Kodak's stand at drupa included plenty of digital technology

In the second part of his interview with Chris Payne, Output publisher James Matthews-Paul asks Kodak's vice-president of commercial marketing his opinions on the future of the printed product.

Read part one here.

What are the areas of print that are suffering right now, that need to reinvent themselves or adapt better to what the end customer wants?

The market's changing because of the digital, hyper-connected world that we're living in. Developed emerging markets – the significant change in economic power and disposable income in the different countries around the world – is [also] significant. These two trends, beyond any others, are going to drive the future of our industry on a global basis.

We believe at the end of the day that every application is going to change. Even packaging, and other functional printing: I don't think it's too far away that a package you buy in a store will talk to your smartphone, and when you take it home – this may be a bit futuristic – it's going to sit on your shelf and when there's a little left it's going to ping your smart shopping list to remind you to buy it. I don't think that's far away – maybe five or ten years.

Every application is going to go through the same thing. Digital technology is going to be everywhere: with books you can see it right now. Obviously you've got Kindle and other devices, but book publishers are still going to be producing paperbacks, in the main, for at least the next two or three decades, because people still want to use books.

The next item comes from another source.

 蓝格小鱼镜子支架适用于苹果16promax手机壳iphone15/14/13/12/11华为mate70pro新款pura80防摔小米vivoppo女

If you look at digital music – which I would say is an easier application to go digital – in 2012 I think 50 percent of music [is expected to be] purchased and downloaded. Let's say it's taken a decade to get to [that level of] penetration; with books I would argue the adoption rate is going to be slower. One thing I don't think is going to happen in books that has happened in music is piracy. The ability to buy a CD, rip it and give it to your friend is really not going to exist; the book publishers have stated that quite hard. So paperback and educational books are going to stay for some time. It's going to decline, but the opportunity for printers is obviously [in shorter runs]; they want to take out stock in the system, they want to conserve that cash, [which is] an opportunity for digital printers and that market to change.

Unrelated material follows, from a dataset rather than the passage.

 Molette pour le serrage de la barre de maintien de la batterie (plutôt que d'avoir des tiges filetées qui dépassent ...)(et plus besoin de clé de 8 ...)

Is print sexy enough? It is attractive enough to people outside drupa?

[This is] probably the number-one question that not just Kodak but [also] customers and suppliers have. I look at all these applications, the marriage of traditional skills we've used for the last 30 years with digital capabilities, both workflow and some of the [newer] technologies, like ink-jet. If you look forward four years from now we have to be talking about the value of print – we refer to it internally as 'the value of the page'.

Print has been a commodity and it's been the commodity way that everyone communicated. If you look at the progression of radio and then television, people said when television came along newspapers would die, magazines would go away. That was in the 50s. In the 70s we had [the prediction of] 'the paperless office'. I think if you look at paper consumption that goes to the office [now], there's [actually] more paper being consumed. So it's very clear, even in the developing world – China, India, Brazil, Russia, where for demographic reasons people's spending power [is] growing – they're going to continue to grow offset printing, which you could say is flat or declining in the developed world of Western Europe and America.

Print has to find a way where it adds value to all the other communications streams that are out there. Newspapers are actually the hardest application long term. It was the way people woke up in the morning and knew what was going on. Then television came along and people watched their television, or listened to the news [on the radio], but they bought a newspaper because it gave them the opinion piece. Now it's very clear that you can actually go online and get that. Newspaper publishers are trying to fix that model. [It's a] part of our problem of why we can't get mainstream journalists to understand what's going on with the rest of print – they're caught up with [it] themselves.